What to do about Trump?

My fellow Lawrentians. I write this to you from a place of deep sorrow and anger, the morning after an authoritarian has been given the keys to the White House and, barring some miracle of a black swan event, will occupy it until at least 2020. As much as we might hope for it, the idea of Trump exiting the White House is likely not going to happen. I did not sleep well last night, if I really slept at all, and I would be surprised if that was not the case for any of you as well. Right now, we are all likely feeling as if the end of the world is nigh, and I do not blame you for thinking this.

That being said, I want to make one appeal to all of you, an appeal I will make again and again and again until Trump is but a bad memory in our national consciousness: do not let him beat you. Hillary Clinton won the popular vote last night, so know a plurality of our voting populace stands adamantly against him. We are not alone. There is good reason to be afraid of how Trump will govern: giving him access to nuclear codes, as well as the fact that the Paris climate agreement is likely doomed, are but the most obvious at the moment, but it is not impossible to resist him. Some of this will simply come down to faith and luck, but there are a few things we can do right now that we can make a noticeable difference in.

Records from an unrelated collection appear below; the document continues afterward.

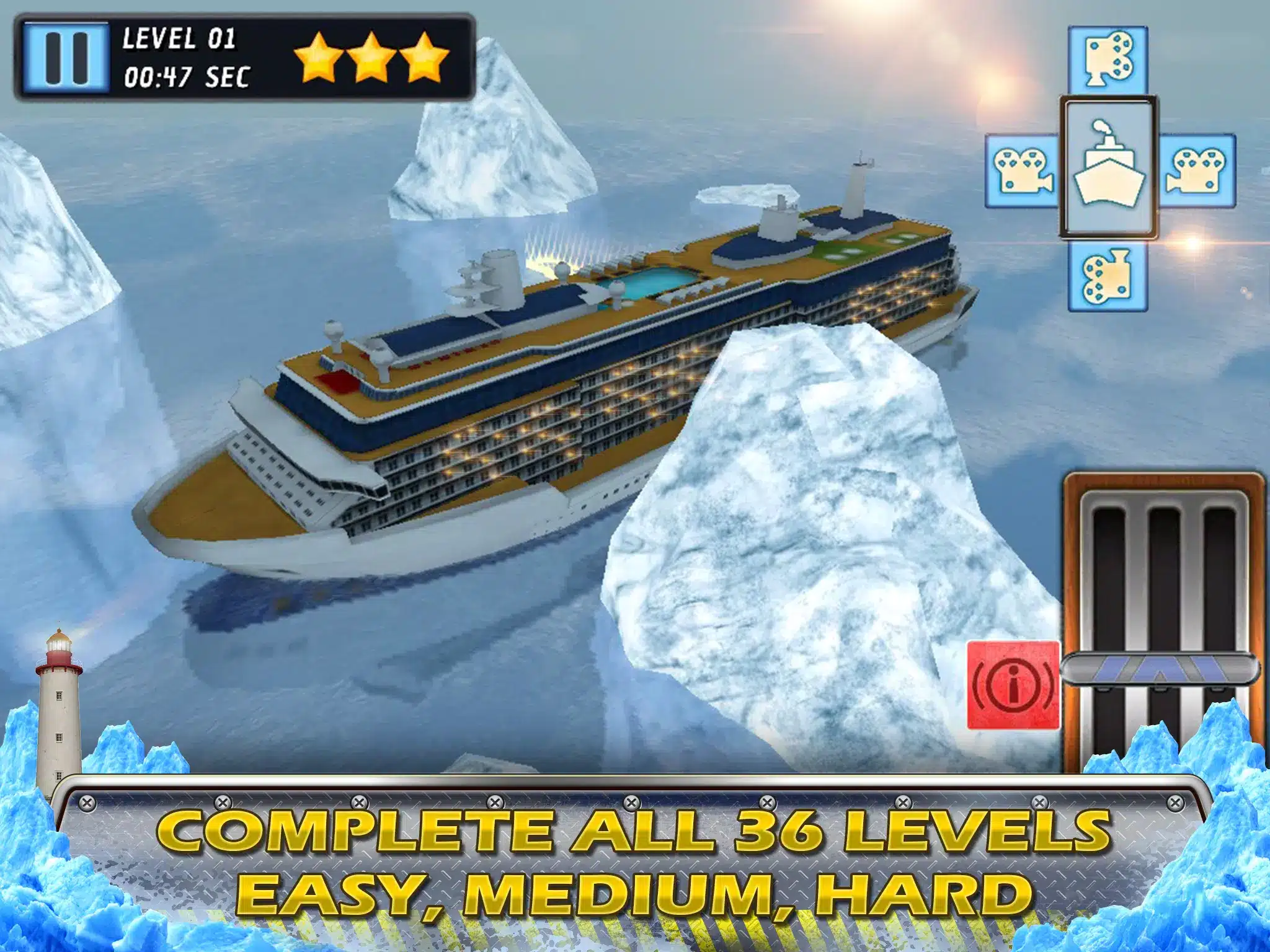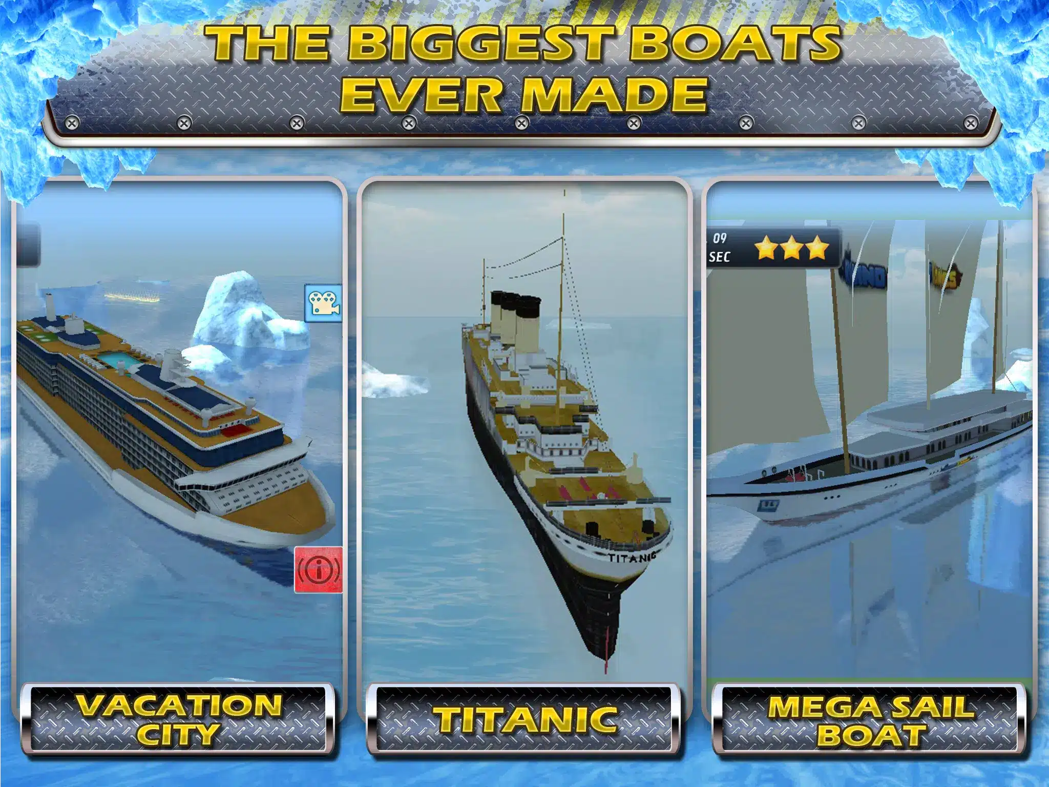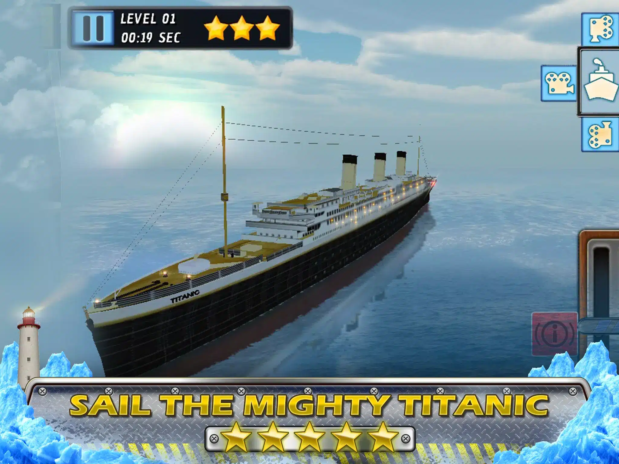 Experience the authentic ship simulator by playing with three colossal class vessels and ensuring their safety from sinking!
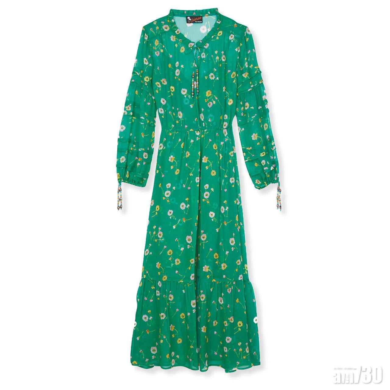 闊袖wrap top與及地長裙上布滿大大朵的小雛菊,視覺效果十足之餘,亦演繹不同的綫條美。(TOP $2,325、Skirt $2,735,Whistles)
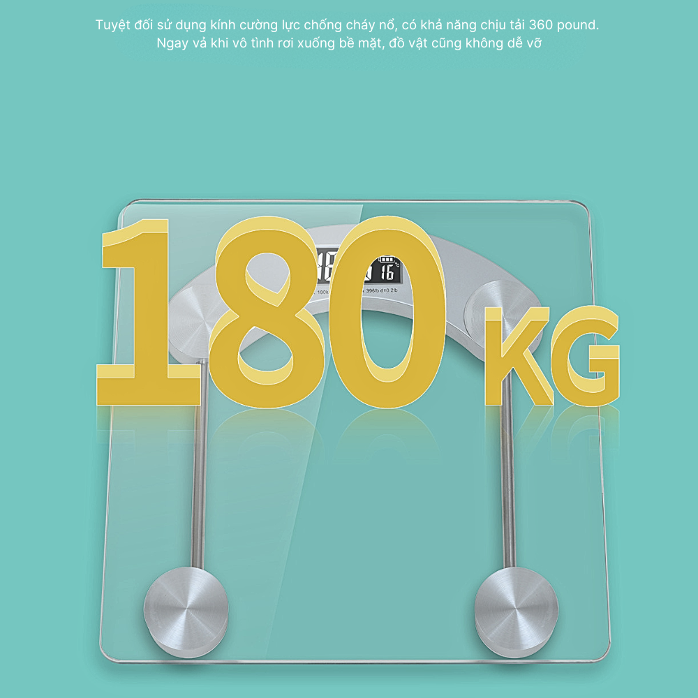 - Sản phẩm sở hữu kiểu dáng với mặt cân được làm từ kích cường lực cao cấp, cho tải trọng tối đa lên đến 180kg, đồng thời, chất liệu kính còn giúp việc làm sạch và di 3. chuyển cân cũng trở nên dễ dàng và nhanh chóng hơn.
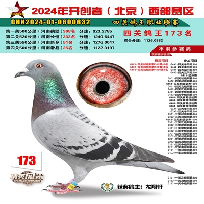 2024年开创者西部四关鸽王173名
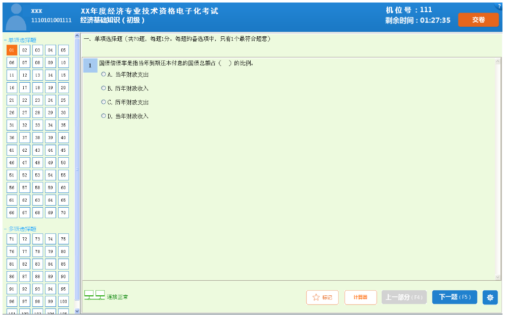 标题栏从左到右,依次显示应试人员基本信息、本场考试科目名称、机位号、考试剩余时间、“交卷”按钮。
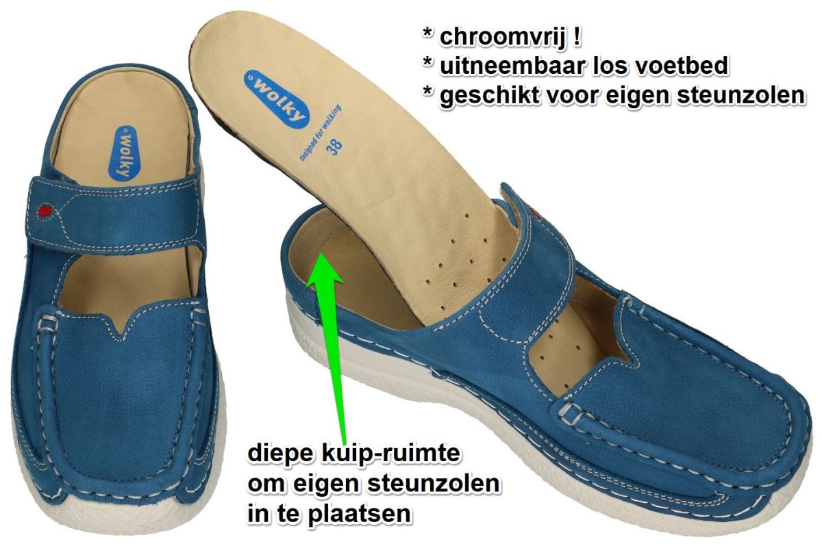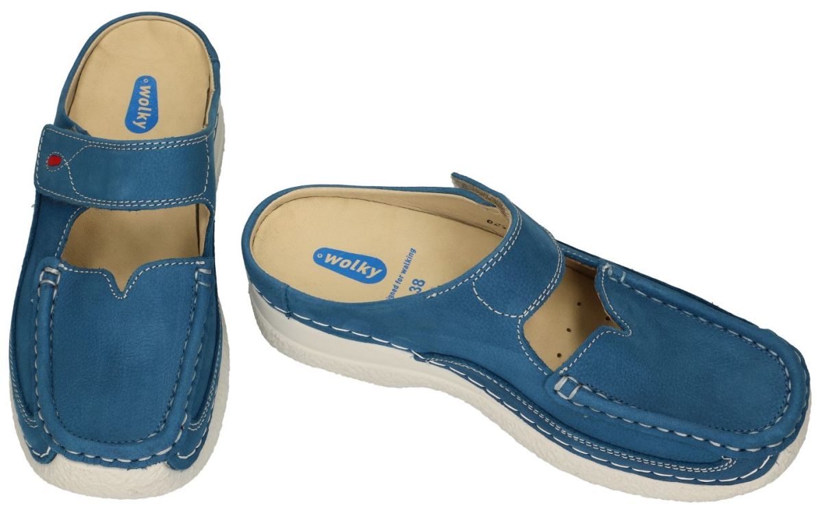 WOLKY artikel/model 0622711 ROLL SLIPPER Antique nubuck 803 Dogger blue zijn licht blauwe (jeans-blauw of denimblu) dameschoenen comfort muil of slipper schoen uit de ROLL MOC groep van de lente/zomer 2023 collectie van de Duitse schoenenfabrikant en schoenenmerk WOLKY "designed for walking". Deze super comfortabele slipper staat op een ultra (XL light) lichtgewicht en soepel veerkrachtige PU loopzool met afrolneus, het upper is vervaardigd met oker-bruin glinster nubuck leder met rechthoekige spiegelinzet vorm en een verstelbare klittenbandsluiting boven de wreef. Het binnenwerk bestaat uit 100% chroomvrij mals een aangenaam aanvoelend leder met een los anatomisch gevormd voetbed dat indien nodig kan worden vervangen door eigen steunzolen. Door de diepe kuipzool is deze slipper uitermate geschikt voor alle type steunzolen. De leest is medium tot relatief breed. Met het uniek ontwerp van deze Roll slipper uit de Roll Moc groep van Wolky loopt u op wolkjes en heeft u zelfs na een lange dag geen vermoeide voeten. Wolky schoenen kan je kopen in onze schoenenwinkel regio Aalst, Ninove, Geraardsbergen, Zottegem of kan je online bestellen op onze webshop.
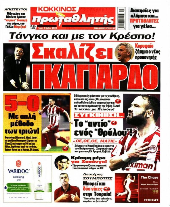 Τα αθλητικά πρωτοσέλιδα της ημέρας(02/05)
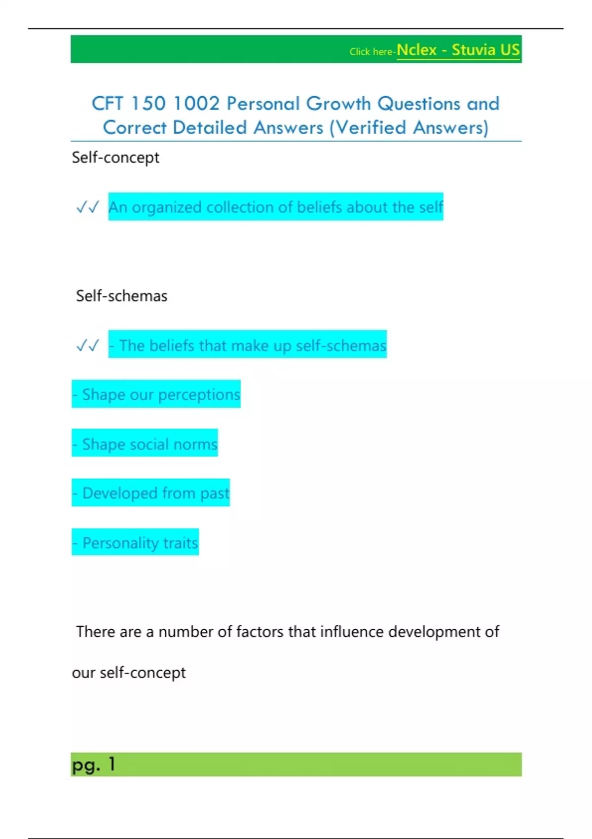 Self-concept An organized collection of beliefs about the self Self-schemas - The beliefs that make up self-schemas - Shape our perceptions - Shape social norms - Developed from past - Personality traits There are a number of factors that influence development of our self-concept pg. 1 Click here-Nclex - Stuvia US - Comparison - Feedback - Values - Norms high self-esteem Positive self image, having confidence low self-esteem Discounting positive information and assuming the worst about self, situation, and the future Microsystems pg. 2 Click here-Nclex - Stuvia US elements of the person's immediate surroundings, such as family and peer group Mesosystems
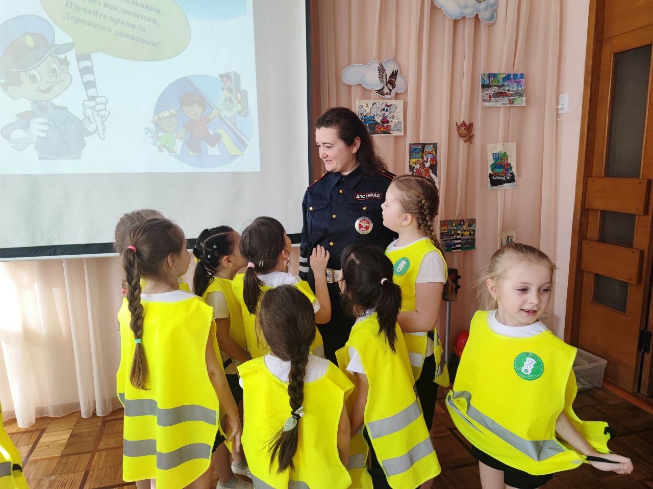 Сегодняшние дошколята уже в этом году станут школьниками и многим из них придется самостоятельно добираться до школы. Чтобы дети безопасно переходили проезжую часть дороги, знали об опасностях на дороге и соблюдали правила дорожного движения- воспитатели подготовили для них встречу с инспектором ДПС ОГИБДД Изабеллой Бабаевой.
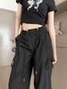 Macacão Preto Feminino Verão 2024 Novo Cintura Alta Solto Perna Larga Cordão Arco Secagem Rápida Calças Esportivas Americanas
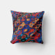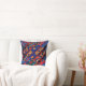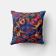 Ett pulserande, flerfärgat dekorativ kudde med guld och röda virvelripplar.
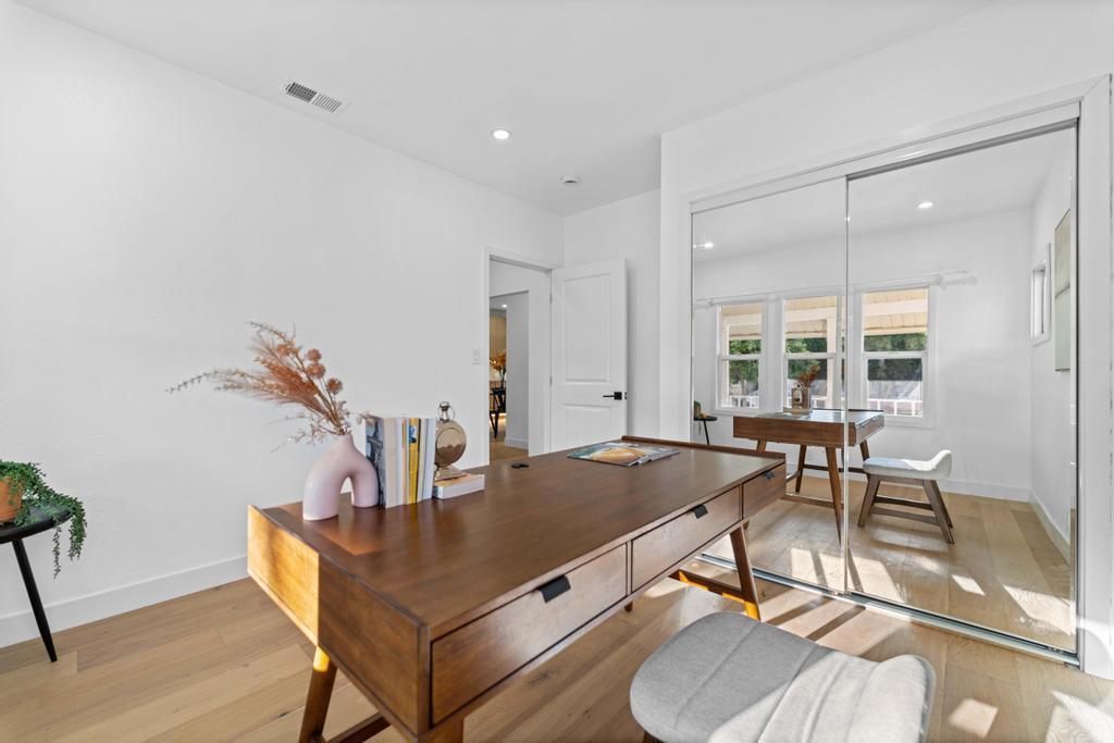 Welcome to this charming 2-bedroom, 2-bathroom home located in the vibrant city of San Jose. This cozy 993 sq ft residence offers a well-appointed kitchen featuring modern amenities such as 4 zone refrigerator, stainless steel dish washer with 3rd rack. INDUCTION cooktop, quartz countertops, dishwasher, garbage disposal , microwave, tons of counter space making it perfect for culinary enthusiasts. The home boasts beautiful engineered hardwood and tile flooring throughout, adding to its stylish appeal. A high ceiling in the living areas enhances the sense of space, while a walk-in closet provides ample storage. The laundry area is conveniently located in the utility room. Both bathroom got a makeover worthy of being in a magazine. Spacious master bathroom features a programable heated floor, multi function bidet toilet and large walk in shower with huge soap box. Walking distance to hiking trail, park, restaurants and coffee shops. Short drive to all major commute routes. Huge bonus room or storage space in the attic. FOR SALE AS INVESTMENT PROPERTY ONLY. CURRENT RENT $4100 Per month.

The first should be the most obvious: defend every minority you know any way you know how. Give them your time, your energy, your voice and if they are in danger, protect them. We are all in this together from now on.

The second thing is to get involved in your local politics in a way that you never have before. Do not go to New York City or to Los Angeles after you graduate to pursue your dreams, if you’re planning that. Go to Ohio, to Georgia, to Florida, to Michigan, to Pennsylvania or even stay in Wisconsin, god knows we will need it. Go to places that are going to be gutted by Trump’s policies without even knowing it and make sure that the people you will meet and love there will survive. Vote for Democratic candidates, even on the local and municipal level.

The next thing is simple: invest in a green environment, because Trump will not. Buy solar panels. Buy windmills. Get a Tesla if you are rich enough. Do not let yourself become complicit in the warming climate. Even if he gets kicked out in four years it is going to take a lot of work to get back to the policies Obama put in place. Encourage the climate scientists who are working in green energy and carbon capture technology. We fixed the ozone layer despite eight years of Reagan. We can do this.

Perhaps the most important thing that you can do, however, is love. Do not think of things in apocalyptic terms, though you have every right to think this. Fall in love. Marry, have children, make friends, build the coalition that will stop this. We are going to have strange bedfellows in the next four years, people like Jill Stein, Gary Johnson, Glenn Beck, Rich Lowry, everyone who looked at Trump and said no. Forgive their sins. Love their laughs, their sense of humor and their righteous indignation. Love them all the way until Trump is gone.

With this love, however, is going to come with a steep thing that many people are not going to find easy: the rejection of white supremacy. I am not merely talking about shunning the Ku Klux Klan and neo-Nazis who are going to come out in full force with a fresh sense of validation, the likes of which we have not seen since the churning 1960s. It is time for White Americans to realize how much they have in common with Black Americans and realize that race exists and the concept of race must also be eradicated. For white supremacy is built on the ideal that there is the White, and there is everything else which does not matter, which must be seen as subhuman, inferior, unworthy of care or empathy. Indeed, Whiteness must now be transformed, to redeem itself, to realize that Whiteness as it is must become an instrument of love rather than a separating wall. The age of White as default must end. Instead, it must become another facet of a truly equal and diverse society, and the only way it can do that is if the idea of that way of life is over and it is not the realization the people of color are just like us but that we are just like people of color, that we are no better and they are people we must obviously love and treat as our fellow travelers on the earth. We must love supremely rather than imagine we are different or better, no matter how hard it is at first, no matter how many mistakes you make. This is what you can do.

It is in this talking about Whiteness that I think to perhaps the greatest writer in American history, William Faulkner, who, though he was a white man from Mississippi—and had problematic views, even then—believed firmly in the rights of people of color, and towards the end of his life raged against the unjust death of Emmett Till. In his acceptance speech for the Nobel Prize for literature, which he allegedly delivered drunk and which is perhaps the greatest speech ever written, he said: “I believe that man will not merely endure: he will prevail. He is immortal, not because he alone among creatures has an inexhaustible voice, but because he has a soul, a spirit capable of compassion and sacrifice and endurance.”
Not since he gave those words are we to follow them so closely. Carry the fire, my fellow Lawrentians. We are not beaten yet.